Repeat the listing word for word. No pictures belong in the copy.

_ _ _ _ _

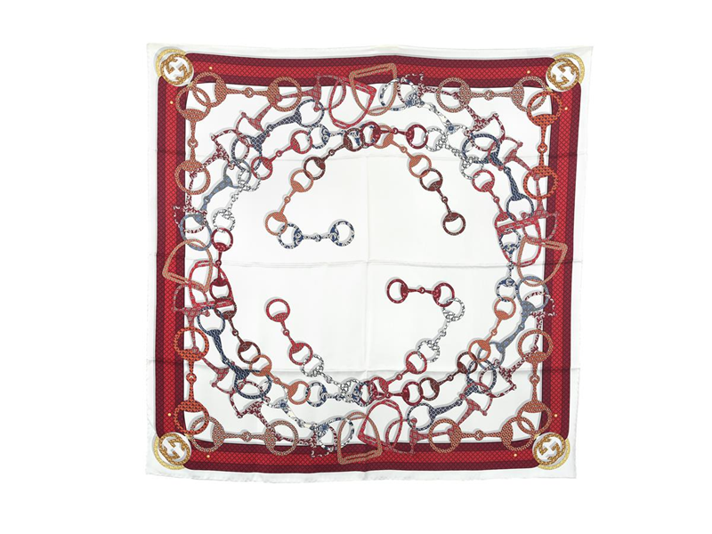 SCARF, GUCCI, Horsebite, 100 % siden, 90x90 cm, vit bakgrund, cerice, röd, guld, ask.
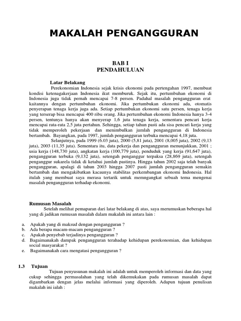DOC) CONTOH MAKALAH TENTANG PENGANGGURAN DAN KEMISKINAN DI INDONESIA | Ari Khomarudin - Academia.edu
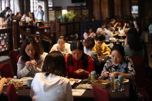 随后,现场进行了丰富的互动体验活动。童涵春堂的香囊展示,体现中国文化传承,又符合节令特点;豫园美食分享,让与会人员品尝了成功转型为网红的乔老爷松糕和味道正宗的松鹤楼粽子。接下来的商圈游览环节,童涵春堂中医博物馆、九曲桥给大家留下了深刻印象。
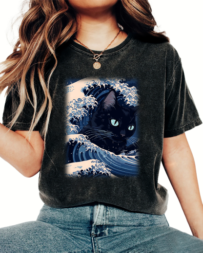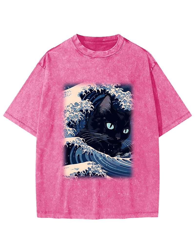 Japanese Cat in the Waves Vintage Washed T-shirt
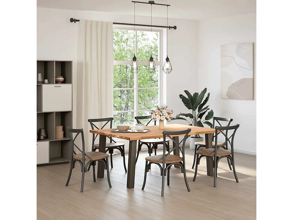 Table à manger marron clair bois de chêne massif rectangulaire
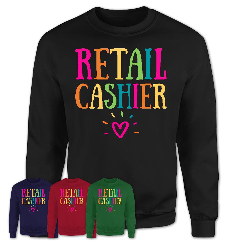 Retail Cashier Rainbow Lettering Heart Shirt, Employee Appreciation Gifts
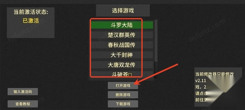 注:当前只能修改v2.11.1版本以上的游戏,2.9版本以下的游戏请点击“游戏”按钮前往更新游戏
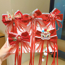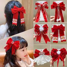 喜庆红色新年女童抓夹公主头发饰蝴蝶结飘带发夹女孩对夹中秋头饰
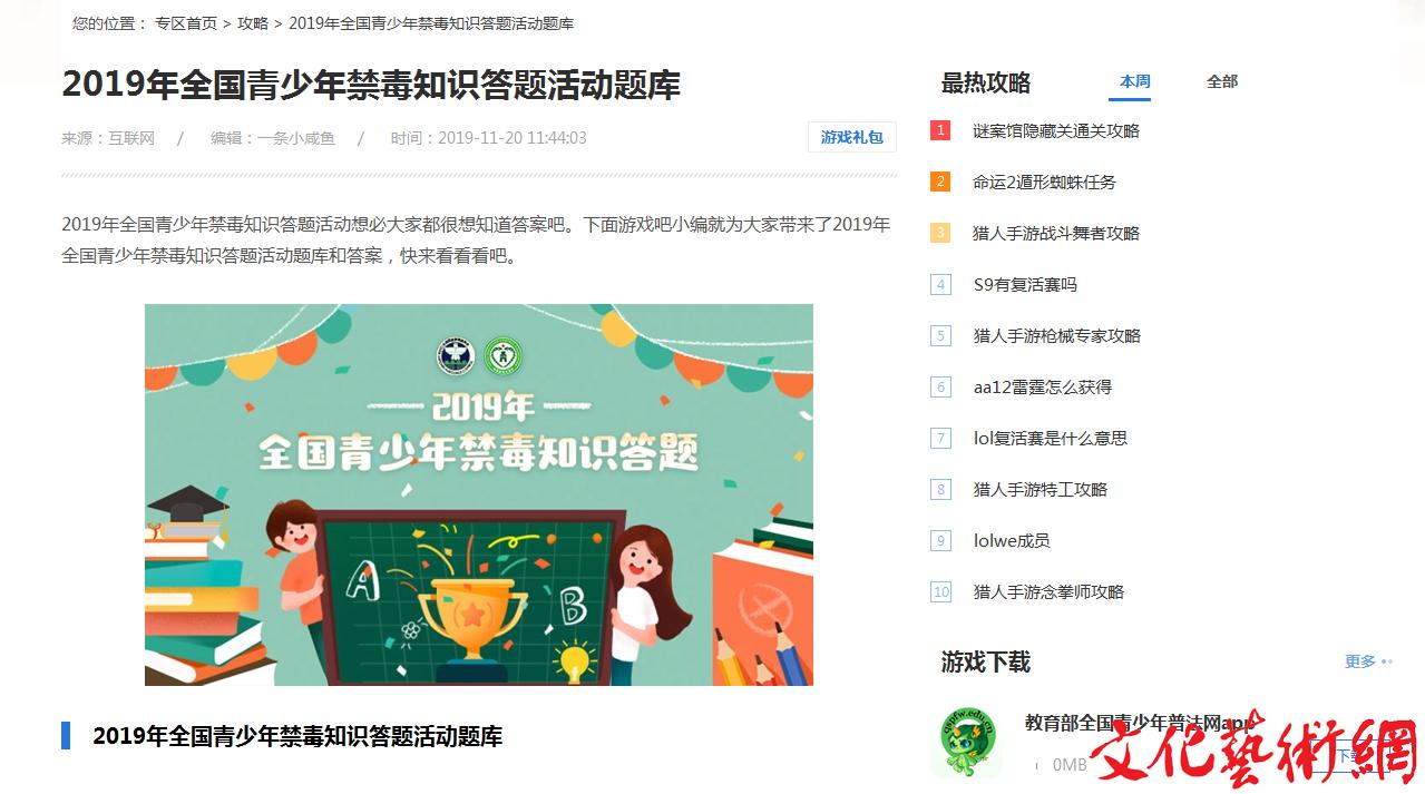 文化艺术网-文化艺术报讯(通讯员 曹锋 郭慧敏) 12月5日下午,延安炼油厂子校组织高段学生在计算机教室开展“全国青少年毒品预防教育平台”2019年禁毒知识答题活动。
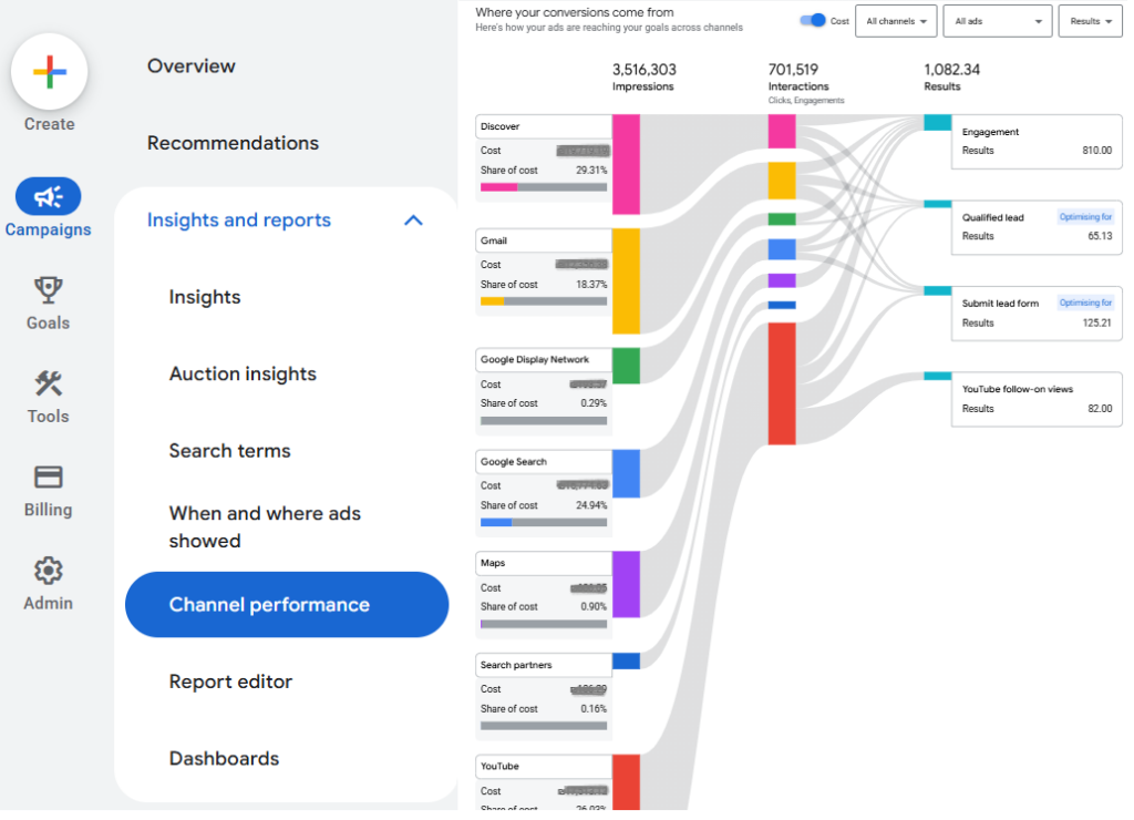 * Channel Performance – כלי חדש של גוגל תחת Insights & Reports, שמספק פילוח ברור של הקמפיין בין כלל ערוצי הפרסום. בעזרתו תוכלו לראות כיצד התקציב מחולק, אילו ערוצים מניבים המרות ואילו לא מייצרים אינטראקציה משמעותית.
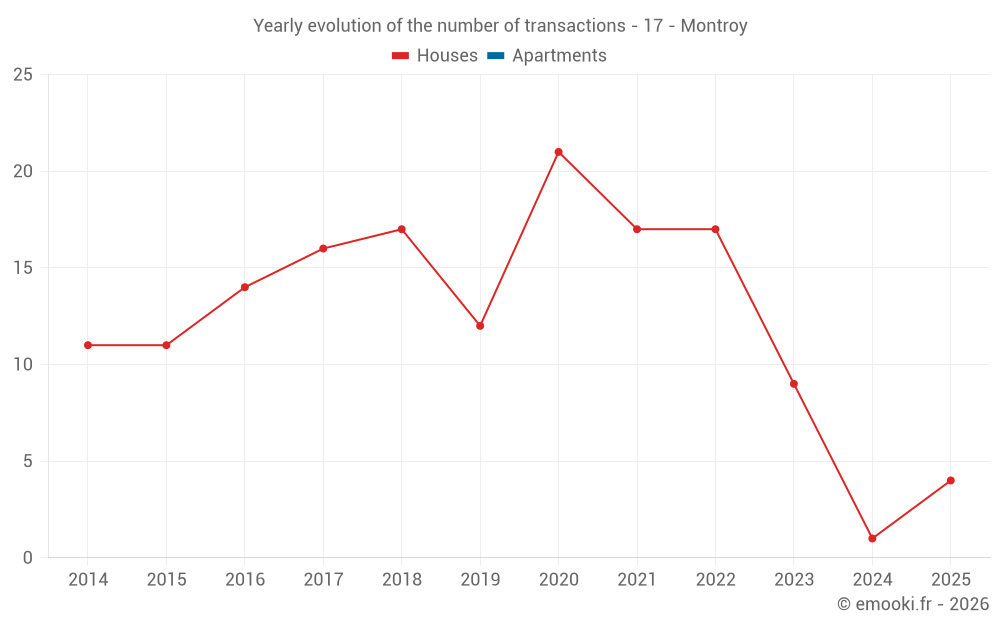 The price per m² of houses has decreased by 16% since 3 years, but it has increased by 75% in 11 years.
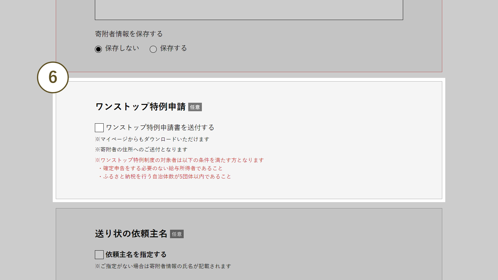 - 6 ワンストップ特例申請がご利用いただけるのは、寄附者1人あたり年間5自治体までとなっております。超えた場合は確定申告が必要になりますのでご注意ください。
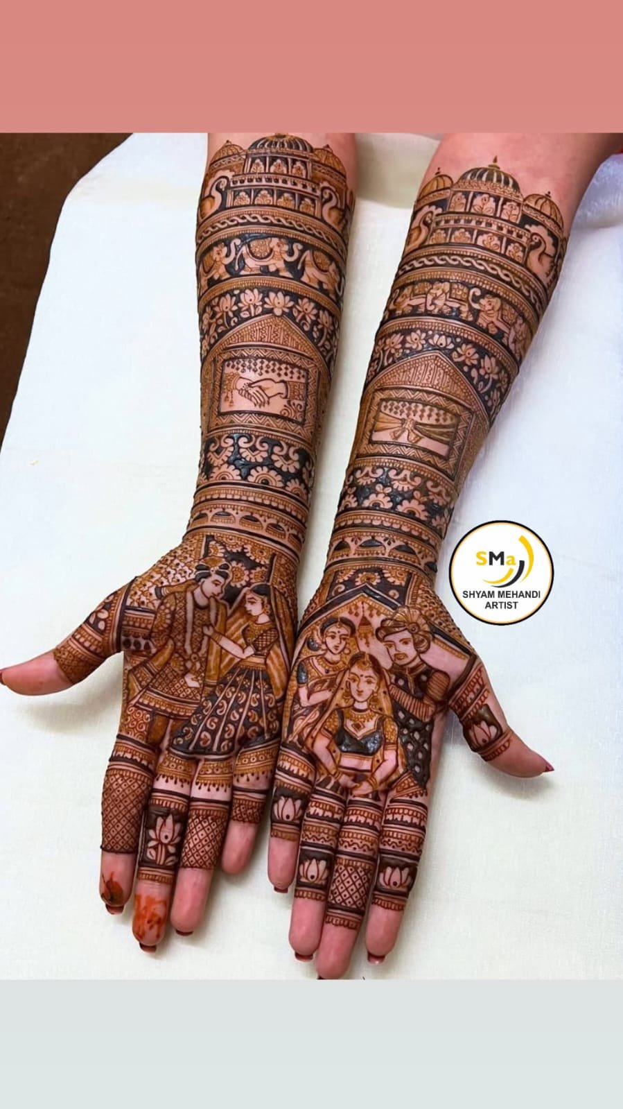 Full-hand premium bridal mehndi with detailed traditional and royal wedding artwork.
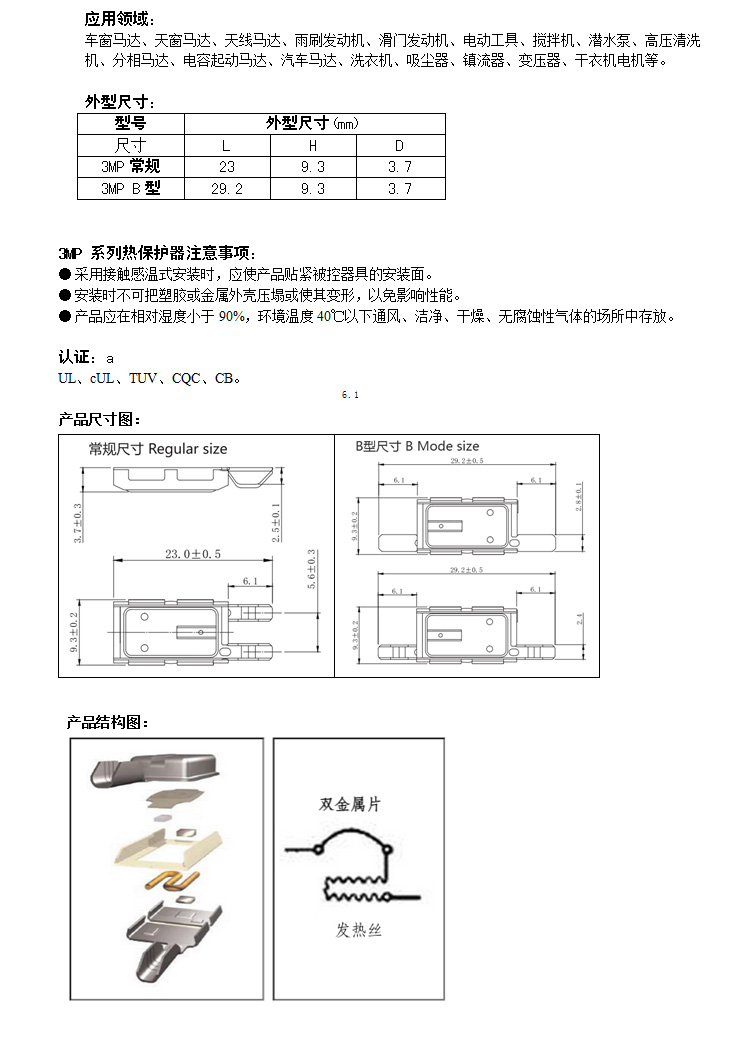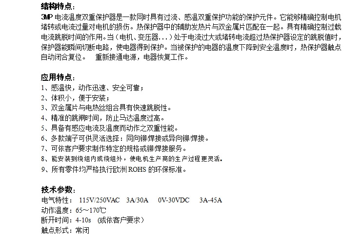 - 3MP系列熱保護器
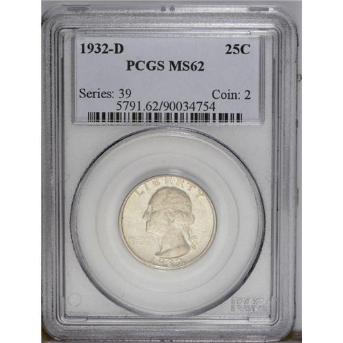 <B>1932-D<25C> MS62 PCGS.</B></I> Well struck with decent breast feathers and light golden toning. Minor abrasions on Washington's face and the eagle's breast define the grade on this scarce, first-year issue.<BR><I>From The Steve Glenn Collection.</B></I>
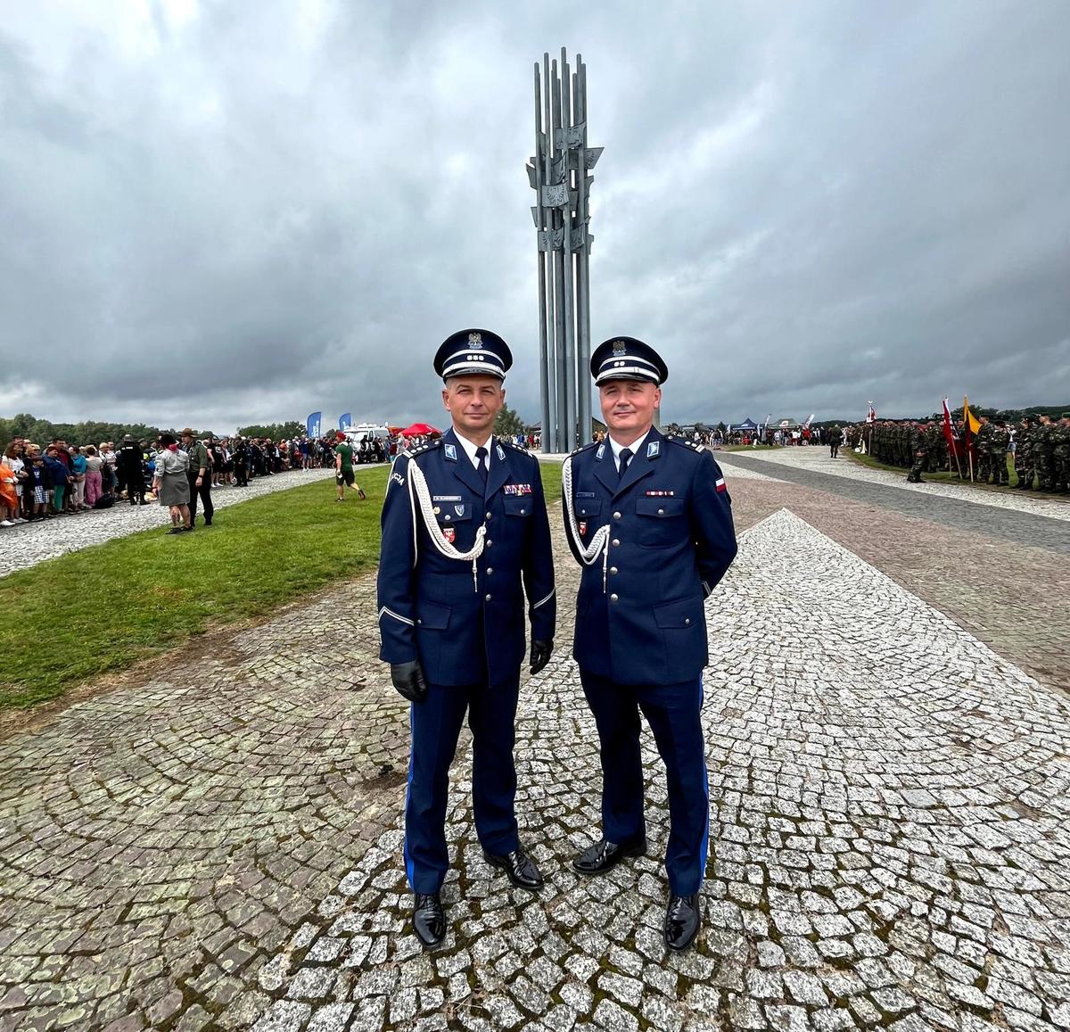 Policja, KPP Ostróda, Komendant Wojewódzki Policji w Olsztynie insp. Mirosław Elszkowski, Zastępca Komendanta Wojewódzkiego Policji w Olsztynie mł. insp. Mariusz Wiśniewski podczas uroczystego złożenia kwiatów pod Pomnikiem Bitwy pod Grunwaldem, XXVI inscenizacja największej średniowiecznej bitwy na Polach Grunwaldu -
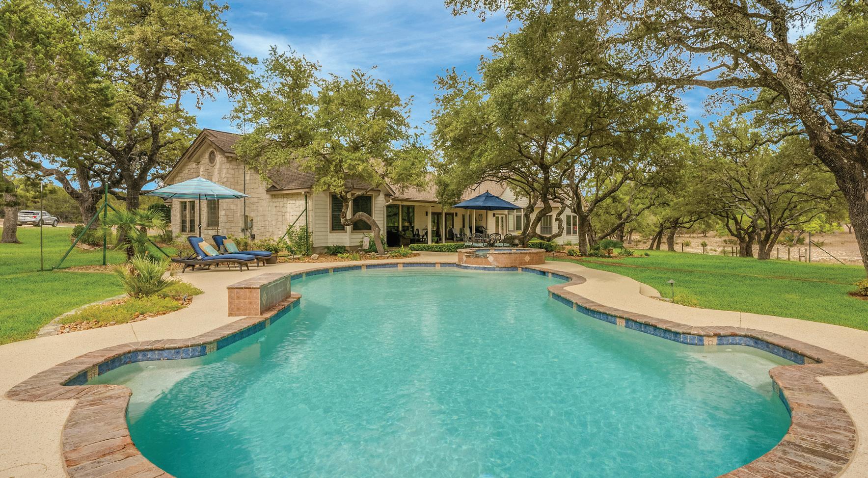 141 woodland ranch road. Classic 5 bedroom, 4 bath Hill Country stone home on 13.96 tree-studded acres. Living spaces feature soaring and beamed ceilings, numerous built-ins and recently updated kitchen. wraparound porch and spacious patios overlook the pool, spa and gazebo. Pool house/guest quarters includes a full bath. Property is gated, fenced and cross-fenced – $2,195,000
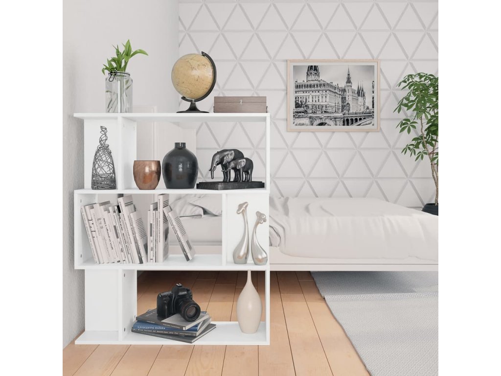 Skrinka je vyrobená z kompozitného dreva, vďaka čomu je robustná, trvácna a má dlhú životnosť. Knižnica obsahuje 3 priestranné priečinky a 6 menších priečinkov, a tak poskytuje množstvo úložného priestoru na prehľadné odkladanie časopisov, kníh, DVD, multimediálnych zariadení či rôznych dekoratívnych predmetov, ktoré tak budete mať vždy poruke. Regál na knihy je naozaj všestranný a môže poslúžiť aj ako deliaca stena, takže predstavuje perfektný doplnok do chodby či iných miestností.
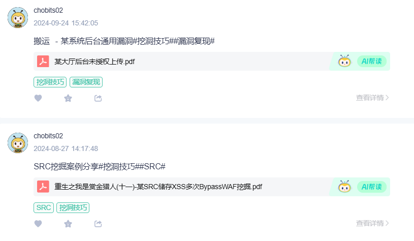 内部资深师傅定期分享真实漏洞挖掘案例,从思路套路到操作步骤,让你可以“照着学、照着做”。

_ _ _ _ _

__Solution to this task__
 SCARF, GUCCI, Horsebite, 100 % siden, 90x90 cm, vit bakgrund, cerice, röd, guld, ask.
DOC) CONTOH MAKALAH TENTANG PENGANGGURAN DAN KEMISKINAN DI INDONESIA | Ari Khomarudin - Academia.edu
 随后,现场进行了丰富的互动体验活动。童涵春堂的香囊展示,体现中国文化传承,又符合节令特点;豫园美食分享,让与会人员品尝了成功转型为网红的乔老爷松糕和味道正宗的松鹤楼粽子。接下来的商圈游览环节,童涵春堂中医博物馆、九曲桥给大家留下了深刻印象。
 Japanese Cat in the Waves Vintage Washed T-shirt
 Table à manger marron clair bois de chêne massif rectangulaire
 Retail Cashier Rainbow Lettering Heart Shirt, Employee Appreciation Gifts
 注:当前只能修改v2.11.1版本以上的游戏,2.9版本以下的游戏请点击“游戏”按钮前往更新游戏
 喜庆红色新年女童抓夹公主头发饰蝴蝶结飘带发夹女孩对夹中秋头饰
 文化艺术网-文化艺术报讯(通讯员 曹锋 郭慧敏) 12月5日下午,延安炼油厂子校组织高段学生在计算机教室开展“全国青少年毒品预防教育平台”2019年禁毒知识答题活动。
 * Channel Performance – כלי חדש של גוגל תחת Insights & Reports, שמספק פילוח ברור של הקמפיין בין כלל ערוצי הפרסום. בעזרתו תוכלו לראות כיצד התקציב מחולק, אילו ערוצים מניבים המרות ואילו לא מייצרים אינטראקציה משמעותית.
 The price per m² of houses has decreased by 16% since 3 years, but it has increased by 75% in 11 years.
 - 6 ワンストップ特例申請がご利用いただけるのは、寄附者1人あたり年間5自治体までとなっております。超えた場合は確定申告が必要になりますのでご注意ください。
 Full-hand premium bridal mehndi with detailed traditional and royal wedding artwork.
 - 3MP系列熱保護器
 <B>1932-D<25C> MS62 PCGS.</B></I> Well struck with decent breast feathers and light golden toning. Minor abrasions on Washington's face and the eagle's breast define the grade on this scarce, first-year issue.<BR><I>From The Steve Glenn Collection.</B></I>
 Policja, KPP Ostróda, Komendant Wojewódzki Policji w Olsztynie insp. Mirosław Elszkowski, Zastępca Komendanta Wojewódzkiego Policji w Olsztynie mł. insp. Mariusz Wiśniewski podczas uroczystego złożenia kwiatów pod Pomnikiem Bitwy pod Grunwaldem, XXVI inscenizacja największej średniowiecznej bitwy na Polach Grunwaldu -
 141 woodland ranch road. Classic 5 bedroom, 4 bath Hill Country stone home on 13.96 tree-studded acres. Living spaces feature soaring and beamed ceilings, numerous built-ins and recently updated kitchen. wraparound porch and spacious patios overlook the pool, spa and gazebo. Pool house/guest quarters includes a full bath. Property is gated, fenced and cross-fenced – $2,195,000
 Skrinka je vyrobená z kompozitného dreva, vďaka čomu je robustná, trvácna a má dlhú životnosť. Knižnica obsahuje 3 priestranné priečinky a 6 menších priečinkov, a tak poskytuje množstvo úložného priestoru na prehľadné odkladanie časopisov, kníh, DVD, multimediálnych zariadení či rôznych dekoratívnych predmetov, ktoré tak budete mať vždy poruke. Regál na knihy je naozaj všestranný a môže poslúžiť aj ako deliaca stena, takže predstavuje perfektný doplnok do chodby či iných miestností.
 内部资深师傅定期分享真实漏洞挖掘案例,从思路套路到操作步骤,让你可以“照着学、照着做”。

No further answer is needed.